Эта тема очень занимала Рэмпиона. Весь день он трудился над рисунком, символически выражавшим его мысли. Рисунок изображал Иисуса с повязкой на бёдрах, как в день казни, и хирурга в халате со скальпелем в руке; они стояли по бокам операционного стола, на котором ногами к зрителю был распят вскрытый мужчина. Из отвратительной раны в его животе свисал клубок внутренностей, которые, падая на землю, переплетались с внутренностями лежавшей на переднем плане женщины и аллегорически превращались в целый выводок змей. На заднем плане тянулись гряды холмов, покрытых чёрным пунктиром угольных шахт и фабричных труб. В одном углу рисунка, позади фигуры Иисуса, два ангела — духовный продукт стараний вивисекторов — пытались подняться на распростёртых крыльях. Тщетно: их ноги запутались в клубке змей. Несмотря на все свои усилия, они не могли оторваться от земли.
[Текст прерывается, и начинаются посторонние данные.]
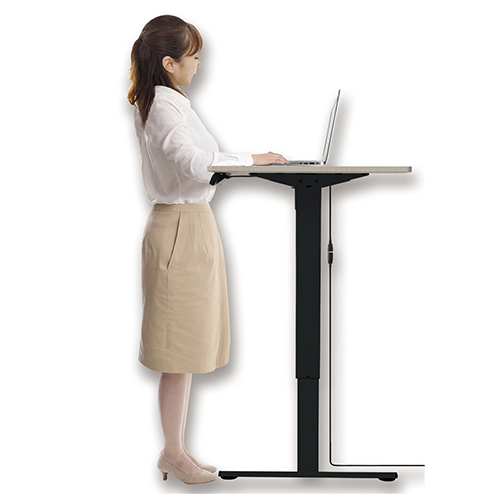 ●オフィスからテレワークまで心地よいデスクワークをサポート。電動昇降デスクとデスクサイドワゴンでビジネス環境の作業効率をUP!!電動で簡単に昇降でき、立っても座ってもデスクワーク可能。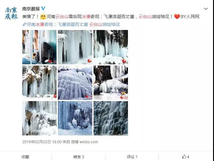近期,各大網(wǎng)絡(luò)被“云臺山冰瀑”持續(xù)刷屏,新華社記者獨家報道!新華視點、人民網(wǎng)百萬次曝光!光明網(wǎng)、搜狐、百度、騰訊、頭條等等,全國各大媒體不斷轉(zhuǎn)發(fā)點贊!“云臺山冰瀑”以壯觀驚艷迅速全國蔓延!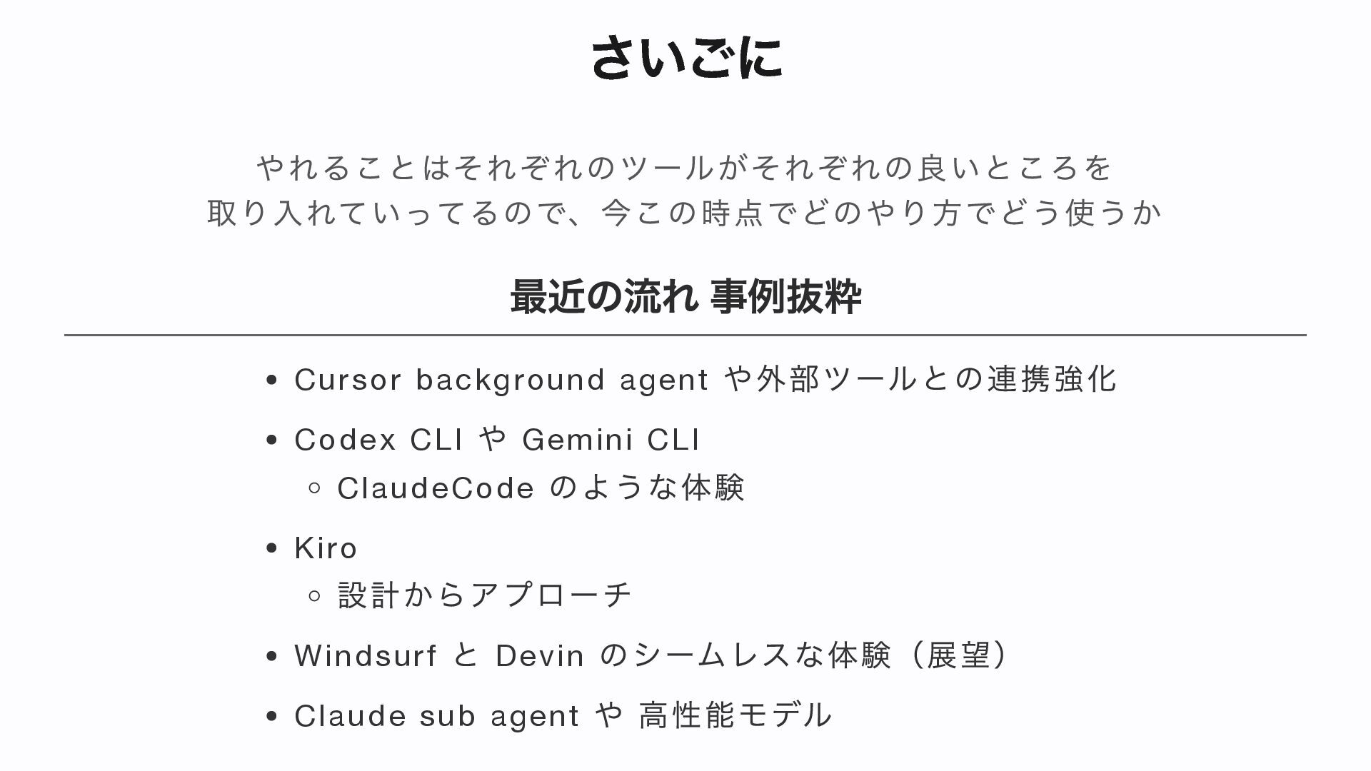 さいごに やれることはそれぞれのツールがそれぞれの良いところを 取り入れていってるので、今この時点でどのやり方でどう使うか 最近の流れ 事例抜粋 Cursor background agent や外部ツールとの連携強化 Codex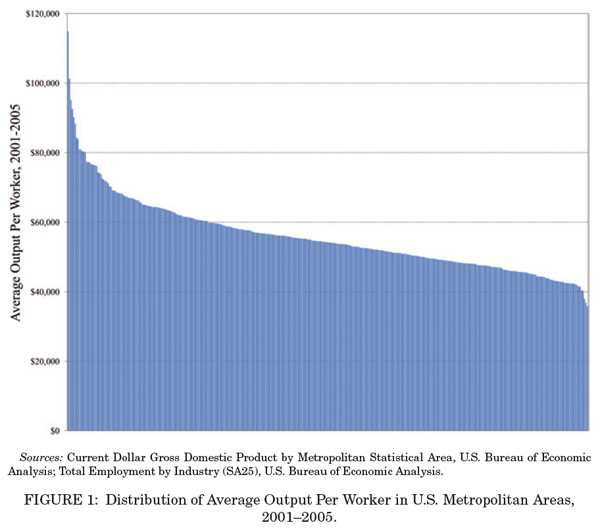 The graph above, from the study, shows the wide variation in productivity across U.S. metros. The most productive metro generated $114,798 in average output per worker, more than three times that of the least productive ($35,867). As the authors point out, the “average output per worker in the twenty most-productive metropolitan areas was two times larger than in the twenty least-productive metropolitan areas, and more than one-half larger than the value for the median metropolitan area…”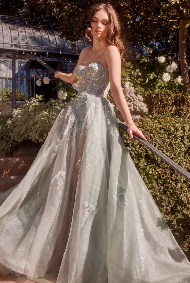 This glamorous ball gown features a strapless sweetheart neckline and an intricately embellished bodice, bringing a touch of sparkle to your special occasion. The asymmetrical A-line skirt, crafted from layered tulle, flows elegantly with a daring slit, while the short underskirt adds volume for a dramatic effect. Perfect for prom or formal events, the structured bodice with a lace-up corset back ensures a flattering, customized fit.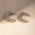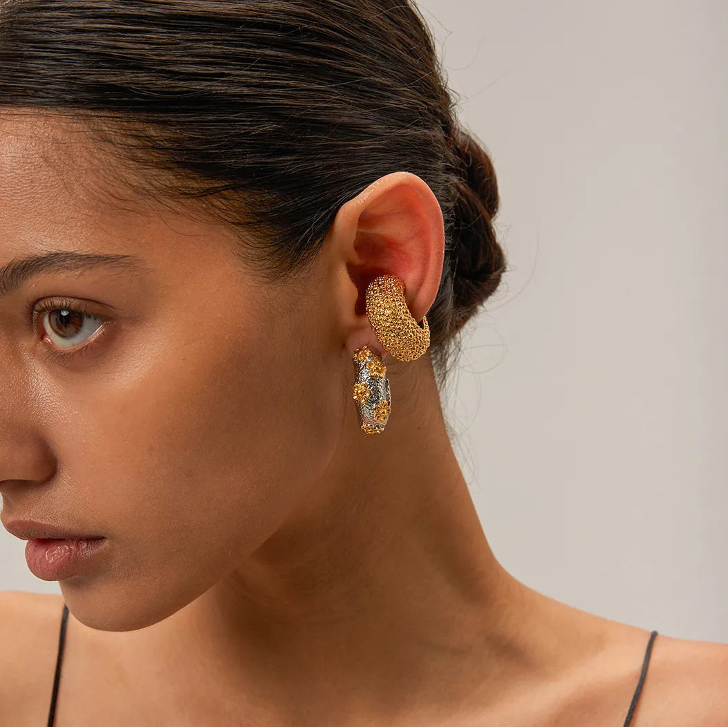 Make a bold statement with these oversized floral motif earrings featuring a textured gold-plated hoop. Their playful design adds a touch of whimsy and elegance, perfect for brightening up any outfit with a splash of floral charm.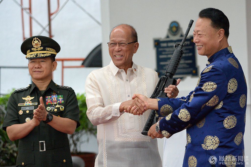 10月5日,菲律宾国防部和武装部队,在马尼拉接收了由中国援助的一批武器装备,这是中国今年第二次向菲方提供用以打击恐怖主义的武器。菲国防部长洛伦扎纳和武装部队总参谋长阿诺当天在菲武装部队总部从中国驻菲大使赵鉴华手中接收了中国援助的步枪、子弹和瞄准镜等武器装备。视觉中国/供图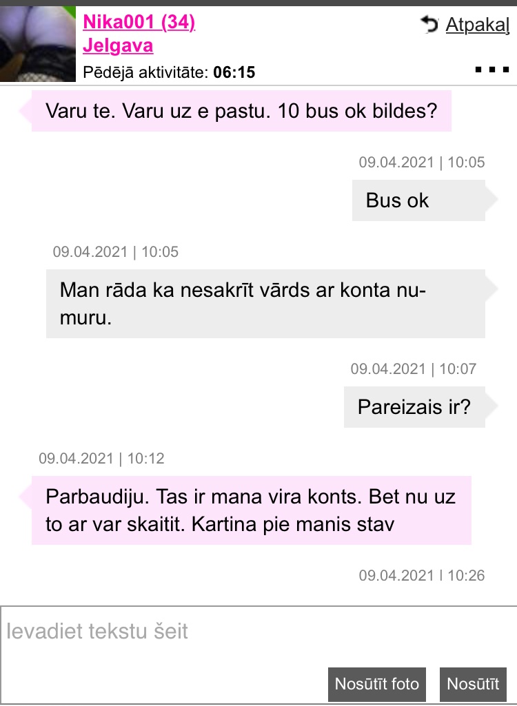 Prasu cik maksā un saņemu atbildi 20€ par dažām bildēm, protams saku okey, dod kontu un tad sākās joki...
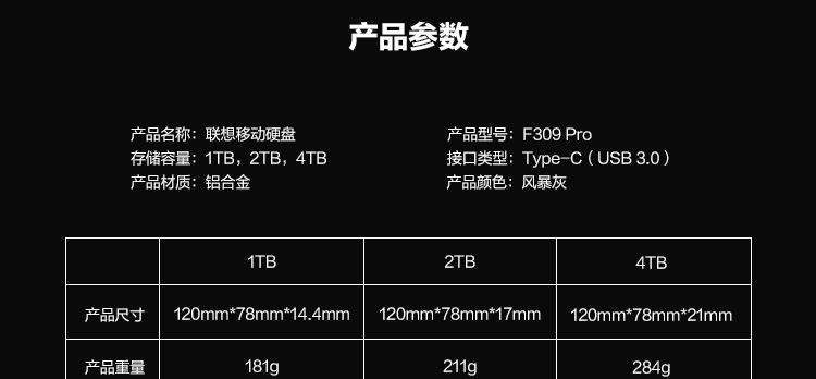 ¥338.50聯(lián)想(Lenovo) F309 4T移動(dòng)硬盤usb3.0 高速移動(dòng)硬盤4TB 灰色 4T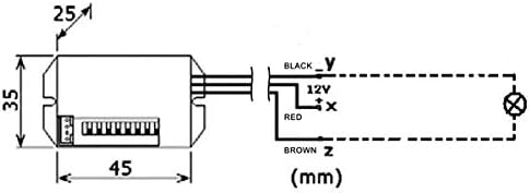 Specifications: switch type: relay detection angle: 100 degrees detection range: 26 ft. (at 70 F) rated load: 25 W resistive load (maximum inrush current 2.1 A) input: 12 Vdc +- 1V, 2.6 A output: max. 12 Vdc 2.5 A / 25 W quiescent current: 5 mA current with energised relais: 50 mA working temperature: -10 C to +40 C working humidity: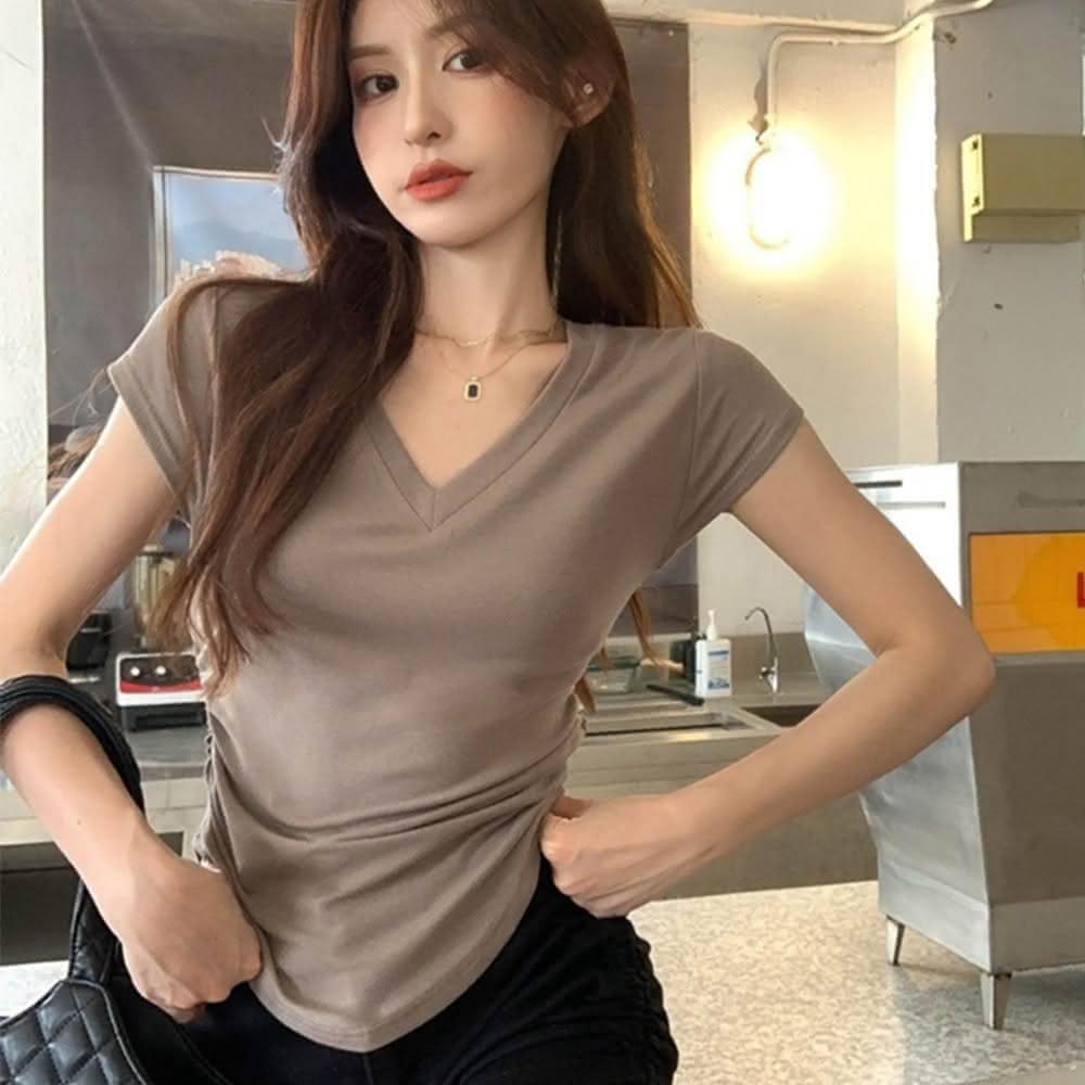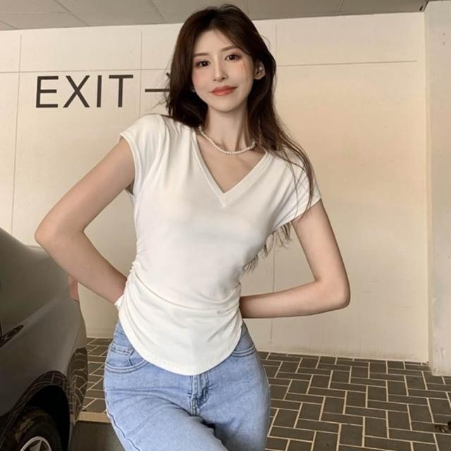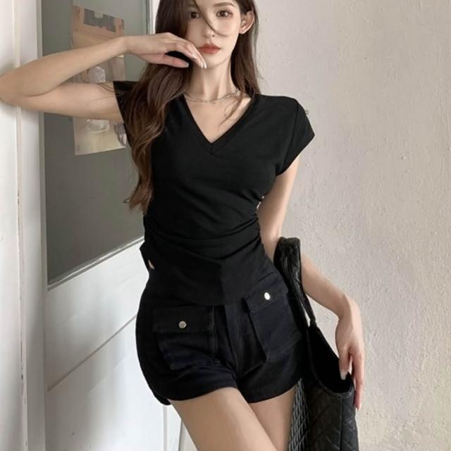 D.studio韓版顯瘦設計感V領素色短袖上衣短袖t恤 女裝 顯瘦上衣 衣服 寬鬆上衣 素T T524

— Иисус и учёные подвергают нас вивисекции, — продолжал он, думая о своём рисунке, — рассекают наши тела на куски.
— Что же в этом плохого? — возразил Спэндрелл. — Вероятно, тела для этого и созданы. Недаром существует стыд. Стыд своего тела и его функций возникает у нас самопроизвольно. Он свидетельствует о том, что наше тело есть нечто абсолютно и естественно низшее.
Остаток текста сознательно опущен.